We investigate the peculiarities brought by the Quasi-2D geometry into the aggregation ferrofluid microstructure in particular in the range of parameters for which the chain-like structures have been observed implicitly or explicitly in 3D experiments, simulations and theoretical models. In difference to previous papers studying aggregates in q2D monolayers, we focus our attention on the detailed analysis and extensive comparison of the results coming from MD simulations with a newly developed theoretical approach, which give us cluster sizes and distributions as functions of the magnetic interaction and area fraction of ferroparticles in monolayers.

A thorough comparison of the predictions of the theory with the values obtained through equilibrium Molecular Dynamic simulations have shown that: in the range of the space of parameters (dipolar coupling), and area fraction in which the theory could be expected to be valid (regions with low number of branched structures), the theory is able to closely predict the simulation results, and allow us to calculate the partition functions for these clusters in constrained geometries and describe the influence of the latter constraints on the entropy of a ferrofluid.
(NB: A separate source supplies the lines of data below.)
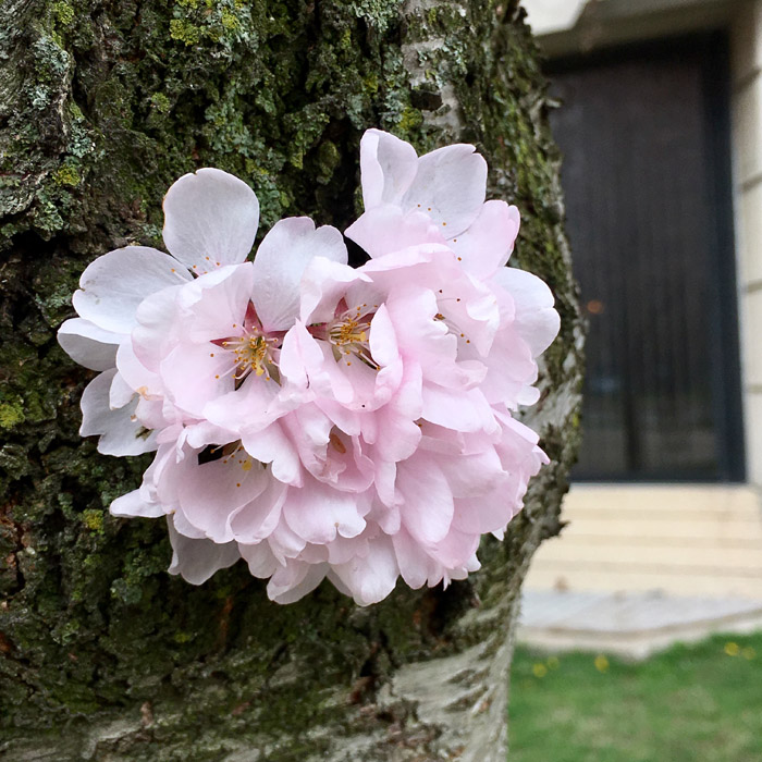 而多伦多大学校园里的樱花是这样的,几乎与high park公园的樱花同步(感谢妃妈viv提供的照片):
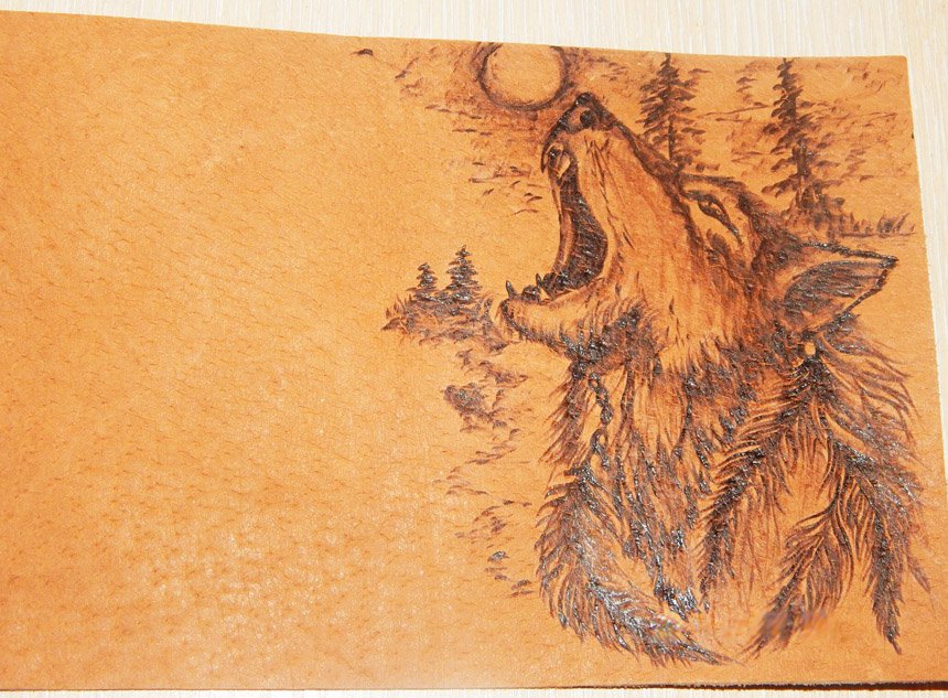 ![Узор на коже выжигателем по дереву]()
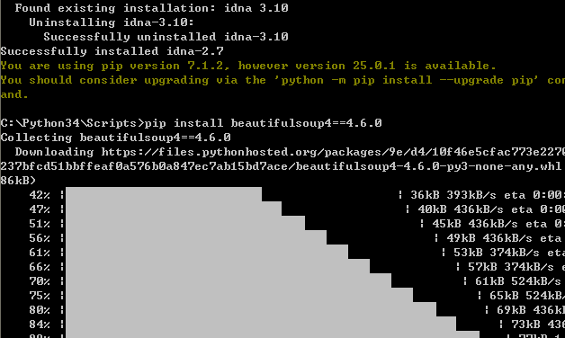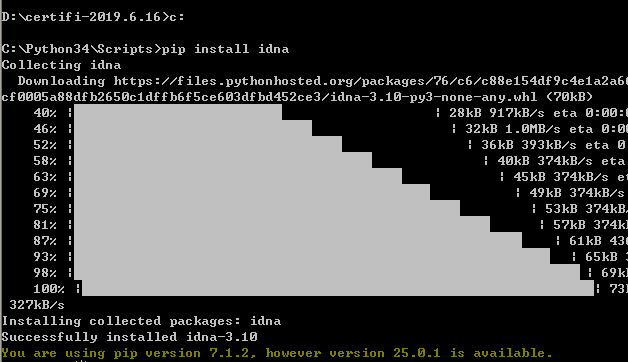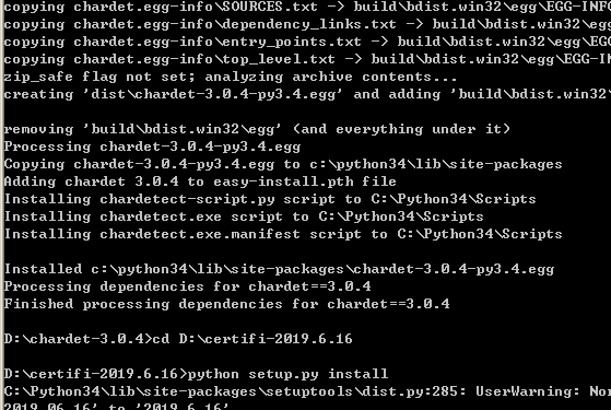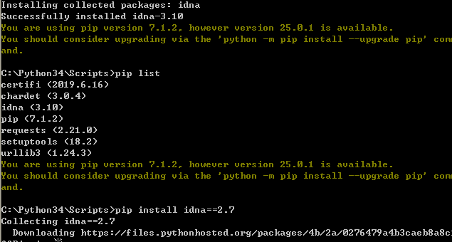 python3.4,旧东西加库,有点难,找不对版本。首先是requests,询问豆包requests-2.21.0可用,然后又是urllib,这个装错了,要1.25以下才行,在这里耽搁了很长时间。chardet-3.0.4,这个版本可用,chardet-3.0.2报错。certifi-2019.6.16一次成功,还有个idna27,用pip下载
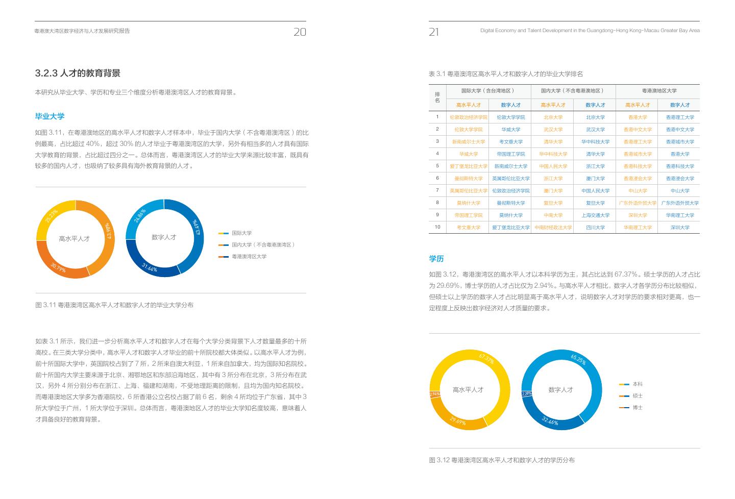 15 .粤港澳大湾区数字经济与人才发展研究报告 20 21 Digital Economy and Talent Development in the Guangdong- Hong Kong- Macau Greater Bay Area 3.2.3 人才的教育背景 表 3.1 粤港澳湾区高水平人才和数字人才的毕业大学排名 本研究从毕业大学、学历和专业三个维度分析粤港澳湾区人才的教育背景。 国际大学(含台湾地区) 国内大学(不含粤港澳地区) 粤港澳地区大学 排 名 高水平人才 数字人才 高水平人才 数字人才 高水平人才 数字人才 毕业大学 1 伦敦政治经济学院 伦敦大学学院 北京大学 北京大学 香港大学 香港理工大学 2 伦敦大学学院 华威大学 武汉大学 武汉大学 香港中文大学 香港中文大学 如图 3.11,在粤港澳地区的高水平人才和数字人才样本中,毕业于国内大学(不含粤港澳湾区)的比 3 新南威尔士大学 考文垂大学 清华大学 华中科技大学 香港理工大学 香港城市大学 例最高,占比超过 40%,超过 30% 的人才毕业于粤港澳湾区的大学,另外有相当多的人才具有国际 大学教育的背景,占比超过四分之一。总体而言,粤港澳湾区人才的毕业大学来源比较丰富,既具有 4 华威大学 帝国理工学院 华中科技大学 清华大学 香港城市大学 香港大学 较多的国内人才,也吸纳了较多具有海外教育背景的人才。 5 爱丁堡龙比亚大学 新南威尔士大学 中国人民大学 浙江大学 香港科技大学 香港科技大学 6 曼彻斯特大学 英属哥伦比亚大学 浙江大学 厦门大学 香港浸会大学 香港浸会大学 7 英属哥伦比亚大学 伦敦政治经济学院 厦门大学 中国人民大学 中山大学 中山大学 8 莫纳什大学 曼彻斯特大学 复旦大学 复旦大学 广东外语外贸大学 广东外语外贸大学 % % 9 帝国理工学院 莫纳什大学 中南大学 上海交通大学 深圳大学 华南理工大学 .86 .23 24 25 % 4 3. 9 8 % 4 3. 4 9 10 考文垂大学 爱丁堡龙比亚大学 中南财经政法大学 四川大学 华南理工大学 深圳大学 国际大学 高水平人才 数字人才 海外大学毕业(含台湾) 国内大学毕业(不含港粤澳地区) 国内大学(不含粤港澳湾区) 粤港澳地区大学毕业 粤港澳湾区大学 学历 30 31 .7 9 .6 4 % % 如图 3.12,粤港澳湾区的高水平人才以本科学历为主,其占比达到 67.37%。硕士学历的人才占比 为 29.69%,博士学历的人才占比仅为 2.94%。与高水平人才相比,数字人才各学历分布比较相似, 但硕士以上学历的数字人才占比明显高于高水平人才,说明数字人才对学历的要求相对更高,也一 图 3.11 粤港澳湾区高水平人才和数字人才的毕业大学分布 定程度上反映出数字经济对人才质量的要求。 如表 3.1 所示,我们进一步分析高水平人才和数字人才在每个大学分类背景下人才数量最多的十所 高校。在三类大学分类中,高水平人才和数字人才毕业的前十所院校都大体类似。以高水平人才为例, 67.3 65.2 7% 5% 前十所国际大学中,英国院校占到了 7 所,2 所来自澳大利亚,1 所来自加拿大,均为国际知名院校。 前十所国内大学主要来源于北京、湘鄂地区和东部沿海地区,其中有 3 所分布在北京,3 所分布在武 汉,另外 4 所分别分布在浙江、上海、福建和湖南,不受地理距离的限制,且均为国内知名院校。 本科 高水平人才 数字人才 2.94% 2.28% 而粤港澳地区大学多为香港院校,6 所香港公立名校占据了前 6 名,剩余 4 所均位于广东省,其中 3 硕士 所大学位于广州,1 所大学位于深圳。总体而言,粤港澳地区人才的毕业大学知名度较高,意味着人 博士 才具备良好的教育背景。 29 32 .6 9 % .4 6 % 图 3.12 粤港澳湾区高水平人才和数字人才的学历分布

The comparison shows that excluded area interactions play a crucial role in quasi 2D, where the constrains imposed by the Q2D monolayer geometry change the entropy of clusters. The refinement of the present theory by dropping out several of the limiting constraints is currently being worked out.

Branched and Network systems

At high values of the dipolar coupling and area fraction parameters, the systems exhibit kind of network and branched structures which are currently characterized via simulation and theory.